Conversation with: Dawn Greenfield

ct-small_outlined_orangeConversation with: Dawn Greenfield

dawn ji 07.2016‘I just want people to feel more comfortable and confident’

For Dawn Greenfield, yoga is much more than a workout or complex poses. Yoga is a means of improving both inner and outer strength, and a way to find personal peace, happiness, and relaxation.

Greenfield founded Yoga Born Studios in South Windsor in 2007 after previous experiences instructing public classes and working with traumatic brain injury survivors.
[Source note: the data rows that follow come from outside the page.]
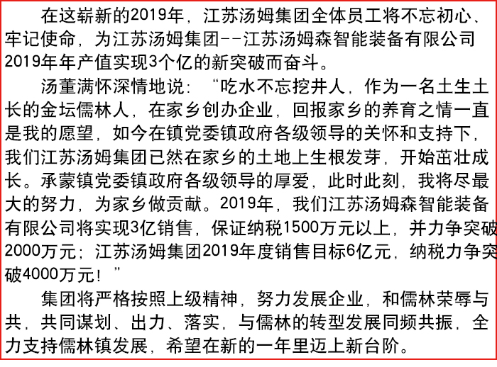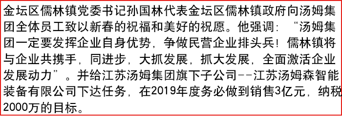 金壇區儒林鎮政府領導班子來湯姆集團拜年!
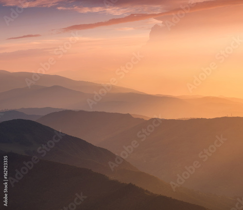 Hills lines during sunrise. Beautiful natural landscape
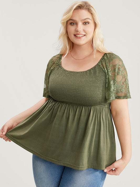 Plain Shirred Lace Ruffles Sleeve T-shirt
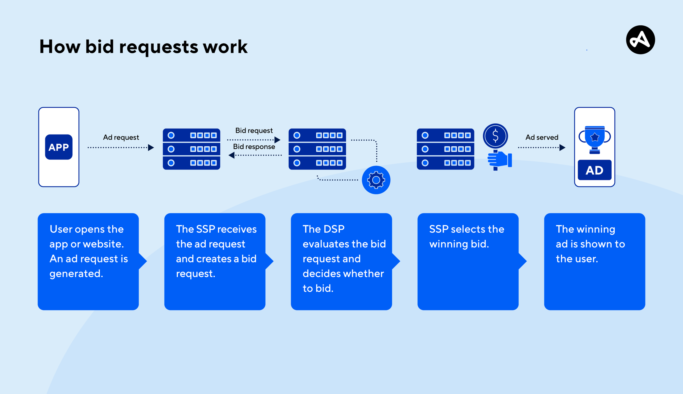 A bid request in programmatic advertising is a data message sent by an app’s ad server or supply-side platform (SSP) when ad space becomes available during an automated auction, also known as real-time bidding (RTB). It contains details about the user, device, and ad placement, so advertisers can decide whether to bid and how much to offer.
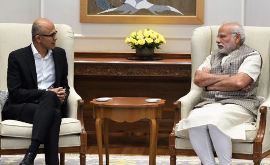 나렌드라 모디(오른쪽) 인도 총리와 사티아 나델라 마이크로소프트 최고경영자(CEO)가 2017년 2월 21일 인도 뉴델리에서 대화를 나누고 있는 모습. (사진=AFP) |

She shares her passion by instructing a variety of classes for students of all skill levels, and aims to teach in such a way that students aren’t simply reenacting poses, but truly learning yoga and all of its benefits.

For Greenfield’s efforts, the South Windsor Chamber of Commerce named Yoga Born the 2016 Small Business of the Year, an honor that she wears proudly. As she continues her career and life in yoga, Greenfield takes time to reflect on the tremendous impact that the practice has had on her, and the impact that she believes it could have on the lives of many others.

Q: When did you first learn of yoga and from whom?

A: I came from a background where I had been working out for a long time. I worked out with body builders and they did all these competitions. So my friends told me I should get into it and something kind of went off in me that told me that what they had to do to get ready for competitions didn’t look really healthy. My idea of being fit and physically active started to shift so that started to lose its appeal, and then I found yoga. Yoga was really challenging, even though I was already very strong and flexible.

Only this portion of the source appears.